▶ [WHAT TO WORK ON]:
Look through the records below for the line with "Barva křišťál a". Return that line and each one after it up to and including the line with "Illuminate your external", exactly.

▶ [SOURCE MATERIAL]:

+++

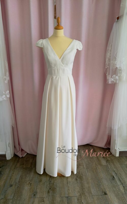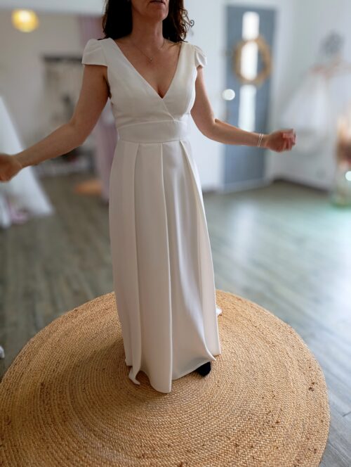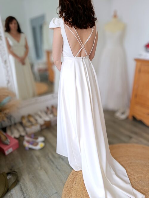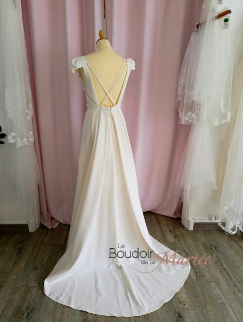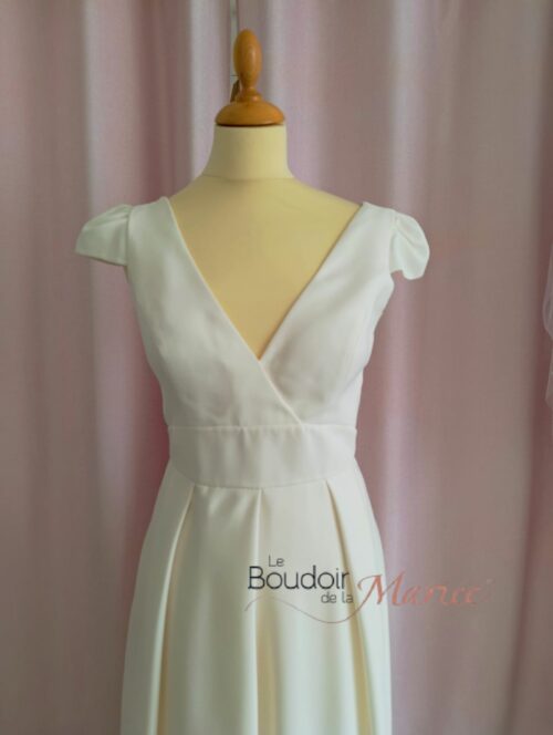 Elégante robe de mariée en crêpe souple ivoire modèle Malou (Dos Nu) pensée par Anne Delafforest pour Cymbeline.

+++

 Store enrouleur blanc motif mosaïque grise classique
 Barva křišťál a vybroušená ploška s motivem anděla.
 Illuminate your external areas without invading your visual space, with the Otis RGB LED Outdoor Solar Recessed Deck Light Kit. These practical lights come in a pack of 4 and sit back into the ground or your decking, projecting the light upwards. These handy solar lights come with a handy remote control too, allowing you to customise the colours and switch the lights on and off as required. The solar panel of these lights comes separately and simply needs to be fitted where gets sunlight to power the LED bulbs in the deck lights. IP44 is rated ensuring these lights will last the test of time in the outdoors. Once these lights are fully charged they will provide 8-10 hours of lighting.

+++

▶ [ANSWER SECTION]:
 Barva křišťál a vybroušená ploška s motivem anděla.
 Illuminate your external areas without invading your visual space, with the Otis RGB LED Outdoor Solar Recessed Deck Light Kit. These practical lights come in a pack of 4 and sit back into the ground or your decking, projecting the light upwards. These handy solar lights come with a handy remote control too, allowing you to customise the colours and switch the lights on and off as required. The solar panel of these lights comes separately and simply needs to be fitted where gets sunlight to power the LED bulbs in the deck lights. IP44 is rated ensuring these lights will last the test of time in the outdoors. Once these lights are fully charged they will provide 8-10 hours of lighting.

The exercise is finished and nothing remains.